@TheWorldWarrior You being a Medical Student, I would really love to hear more of your insight.
Medical Student no longer; for I have graduated!
When I was graduating HS a little over 7-8 years ago college decisions were super important [like they aren't now haha]. I didn't come from a super well off family that could afford to pay off 30-40,000 a year in tuition + room and board at a private institution so picking a low cost option was a must. However, within that low cost, the Super Highly selective schools e.g. Harvard, Yale, Princeton, MIT, Upenn, Columbia [even cornell but whatever] were OK with the fam. since our income would qualify me for reduced tuition or even a free ride at some of these schools, not to mention the opportunities that would be there [though there is some debate, as many students of these schools are from the wealthy social class]. I didn't get in; it was sad. I ended up going to a public university on scholarship and payed nothing for undergraduate school. Best decision ever. Where you go for undergrad doesn't matter so much; sure the location matters as your local opportunities are dictated by that.
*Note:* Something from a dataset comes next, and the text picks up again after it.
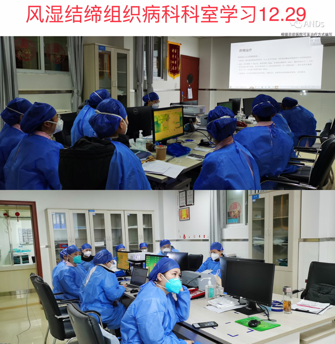 自疫情防控的工作重心从防控感染转到医疗救治以来,九江市第一人民医院开发区分院积极担负起重任,为新冠感染患者尤其是有风湿免疫疾病基础的患者提供专门的就医区域及救治保障。2022年12月26日起,风湿结缔组织病科作为专门病区,用于收治新冠感染患者,截至2023年1月5日,共收治新冠感染患者、病毒性肺炎病患近100人,其中有风湿免疫疾病基础的占到80%,风湿免疫疾病出现间质性肺病、肺纤维化者合并病毒性肺炎的病患相对更重,目前病区已转ICU1人,3人使用高流量呼吸湿化治疗仪、无创辅助呼吸通气,已好转出院18余人。

I was in NYC so there was plenty: tons of hospitals, clinics, underserved, broad range of cultures etc.
IDK much about your state school, but if you've toured it, interacted with students and like its atmosphere then go for it. If you get into Them Awesome Schools, and 1. you're super rich 2. you're super poor [and get that low tuition or free ride] i'd totally go. Or just go if you get in cause that's what i'd have done regardless.
That being said I assume a lot of your family and friends are around where your state school is/a closer drive than somewhere else. Having family close by is a real life saver; and you'll be having that college experience with the comfort that your loved ones are relatively close by in case you need them [instead of just skype]. If you want to go to grad school/med school [which you may] then save money now and use it for that. Go public. or be super poor and go to Harvard.
This is all an opinion and i don't really have data to back this up [IDK if the colleges have changed their policies on reduced/free tuition since I applied either] but I hope this helped in some way. By going to a public school instead of several hundred thousand in debt, i'll be in about 150,000 AFTER [U.S.]med school and an accelerated MPH. Not bad.
edit: let's not forget about interest.